Monday, June 9, 2008

Few Quotes and How Their Related to Transcendentalism

“She had wandered, without rule or guidance, into a moral wilderness. Her intellect and heart had their home, as it were, in desert places, where she roamed as freely as the wild Indian in his woods. The scarlet letter was her passport into regions where other women dared not tread. Shame, Despair, Solitude! These had been her teachers - stern and wild ones - and they had made her strong, but taught her much amiss.” Chapter XVIII
Transcendentalist focused around nature. Transcendentalist felt that they could learn about themselves from nature. Nature is also part of the over-soul, equally as important as humans.
“It is to the credit of human nature, that, except where its selfishness is brought into play, it loves more readily than it hates. Hatred, by a gradual and quiet process, will even be transformed to love, unless the change be impeded by a continually new irritation of the original feeling of hostility.” Chapter XIII
Transcendentalism is about transforming or changing. Hatred changing into love could possibly be a example of transcendental.

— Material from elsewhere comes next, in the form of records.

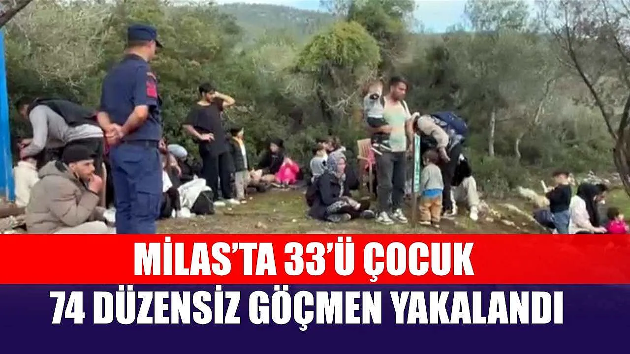 Muğla'nın Milas ilçesi Kazıklı koyunda yasa dışı yollardan kaçış hazırlığında olan 33'ü çocuk toplam 74 düzensiz göçmen yakalandı.
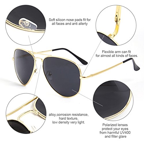 Sunglasses for Women Men by HBY, Classic Aviator Polarized Sunglasses Mirrored UV400 100% UV protection
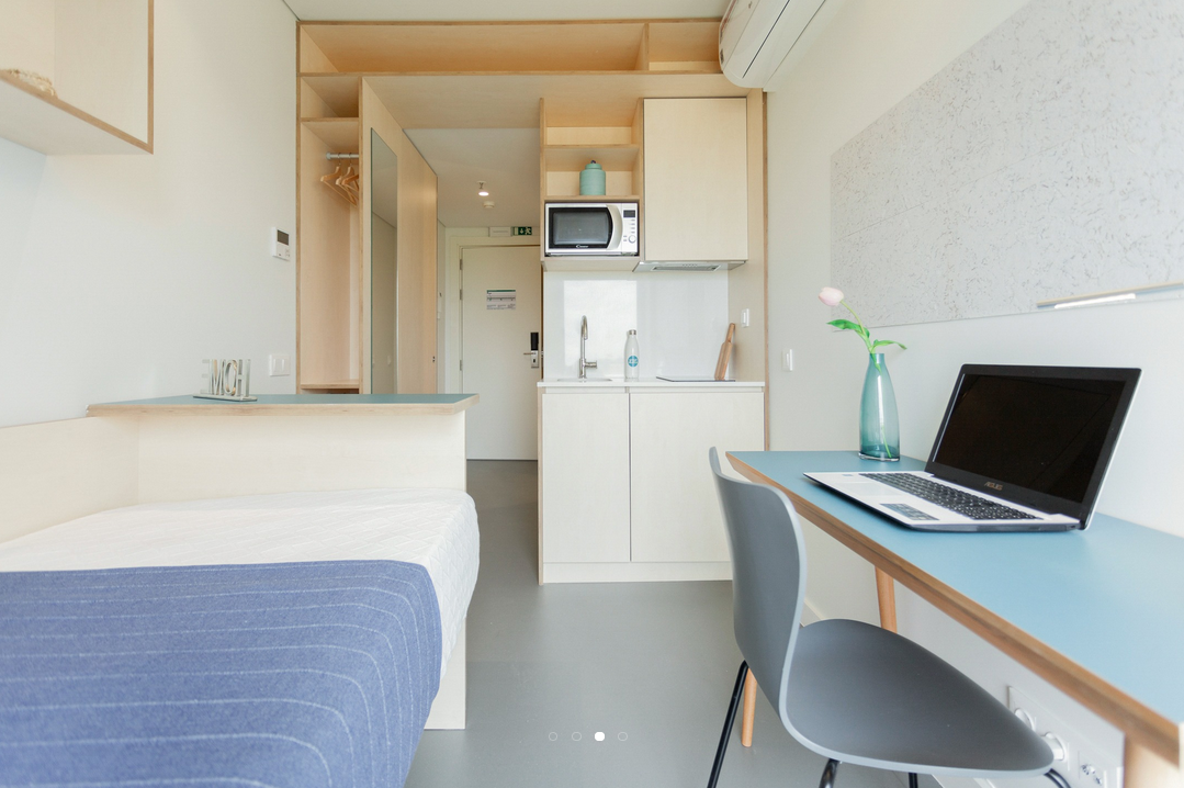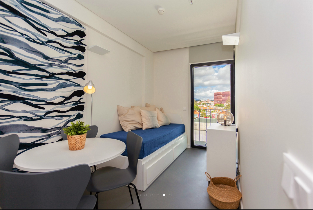 Floors Available 4; Our 1 Bed Apartments are located on the fourth floor and approximately 27m2 with a beautiful view of Carcavelos. Our apartments are ideal if you like to have your own space and keep it the way you like it. You can still use all of our common spaces & attend our events, so making friends won’t be a problem. You get the best of both worlds.
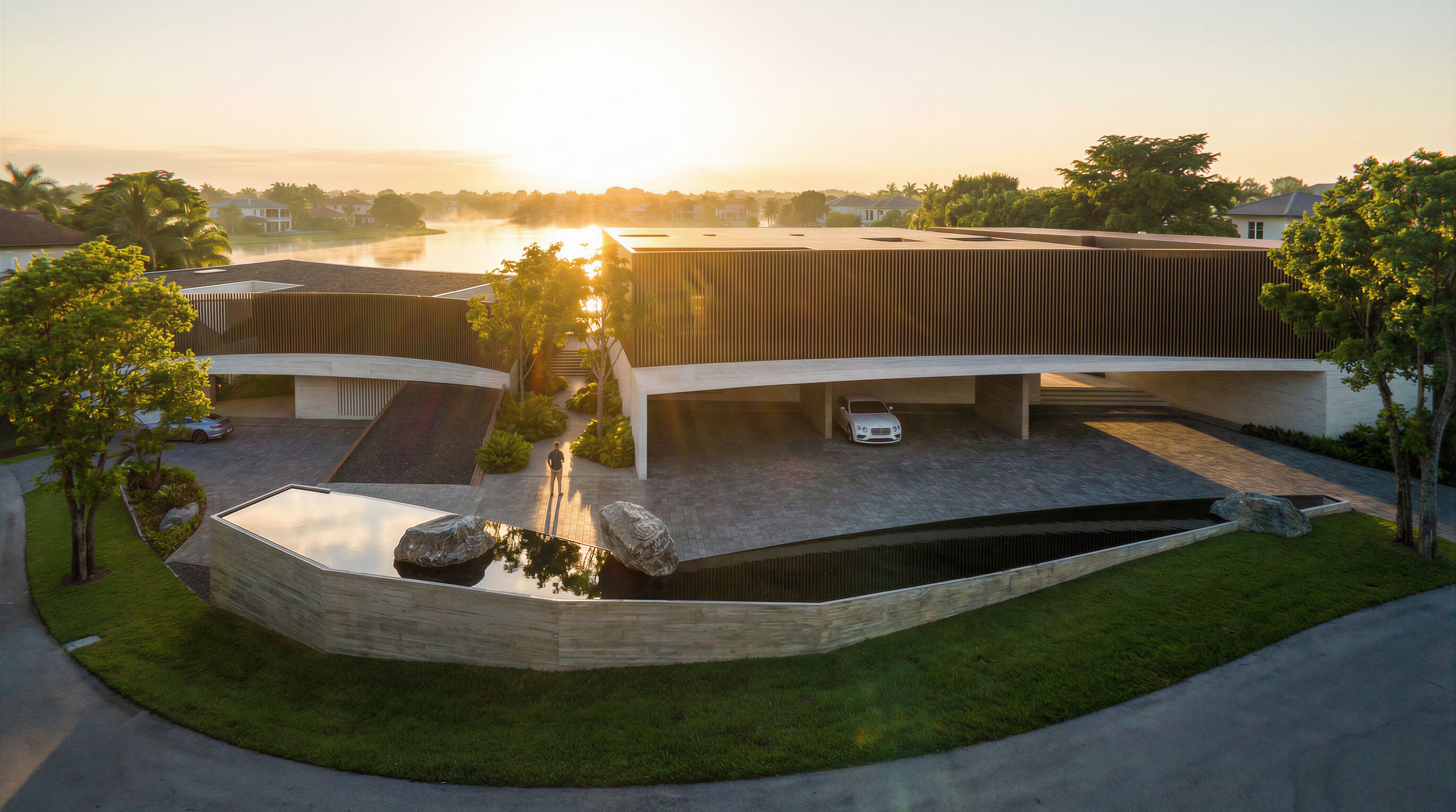 Just change the light direction, the sunrise from the lake. Do not change angle and design., keep exact camera angle
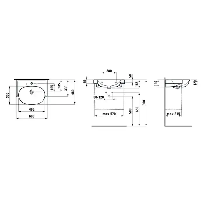 Laufen New Classic Раковина 60х48х16.5 см, без отв., накладная, с переливом, цвет: белый
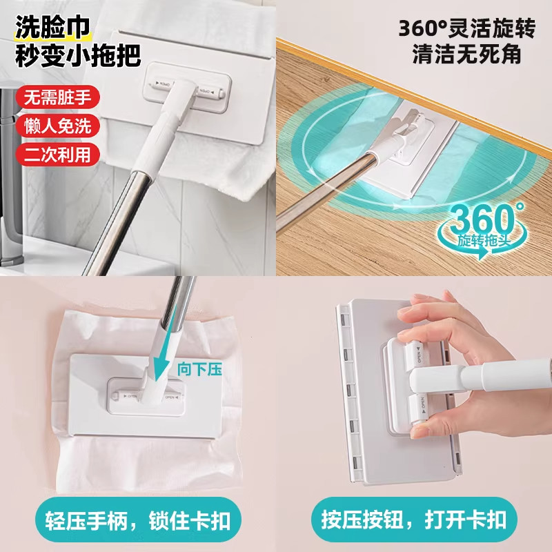索邦洗脸巾小拖把懒人迷你拖把夹布洗面巾二次利用自动换纸地拖
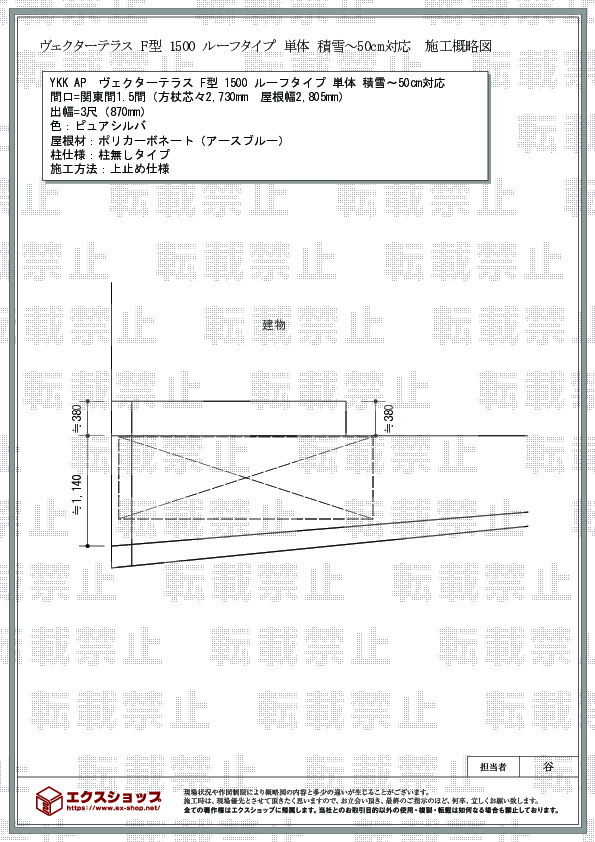 サイズ | 屋根幅 2,805mm 出幅 870mm |
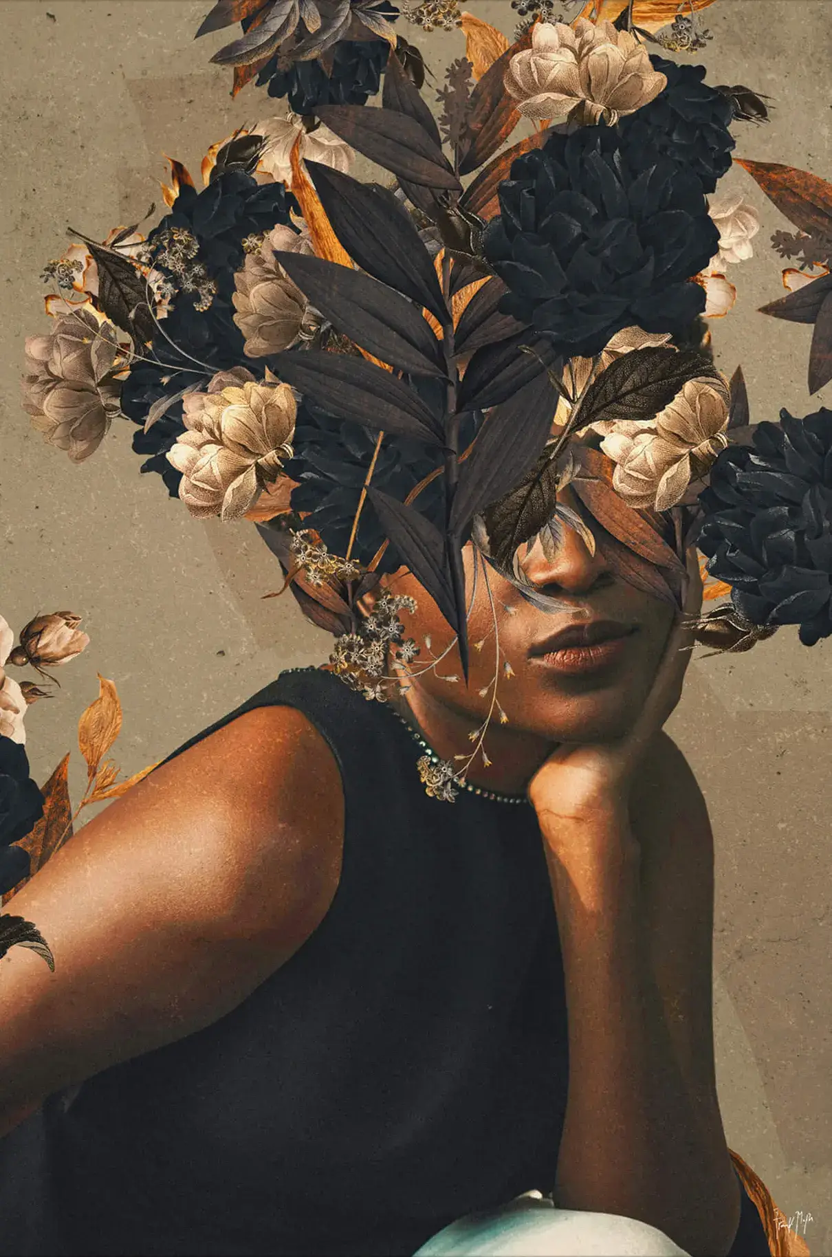 This artwork blends richness and emotion through color and texture. A woman rests her chin on her hand, surrounded by dark florals and autumn-toned leaves that bloom from her head in layers of depth and motion. The warm, brown palette creates a moody atmosphere full of intrigue and strength.
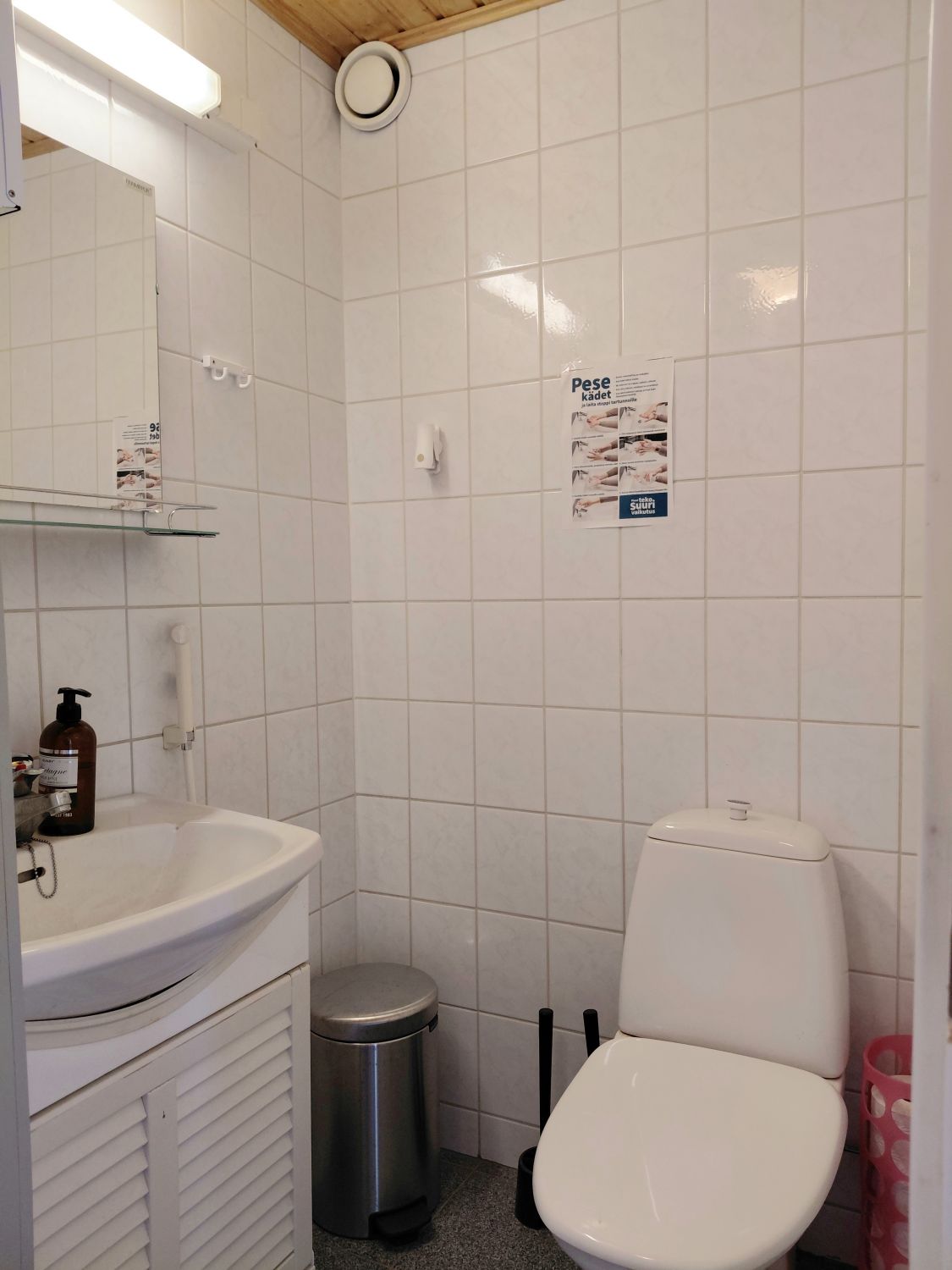 Tilan varustus: laattalattiat, vinot sisäkatot, erillinen WC ja suihku

“A pure hand needs no glove to cover it.“ Chapter XII
Transcendentalist believed in the truth. Transcendentalist did not want to follow society thought their rules and regulations, transcendentalist wanted to express them selves by their own thoughts, not ones given to them by religion or culture. When people fallow the rules and regulations, they are fictionally meaning they are putting on gloves, covering their impulse.
“A bodily disease, which we look upon as whole and entire within itself, may, after all, be but a symptom of some ailment in the spiritual part.” Chapter X
Hawthorn writes that the character is suffering from a spiritual sickness. Transcendentalist did not try to prove that their theories of the spiritual world were true, but that everyone is free to believe in it anyway they want to.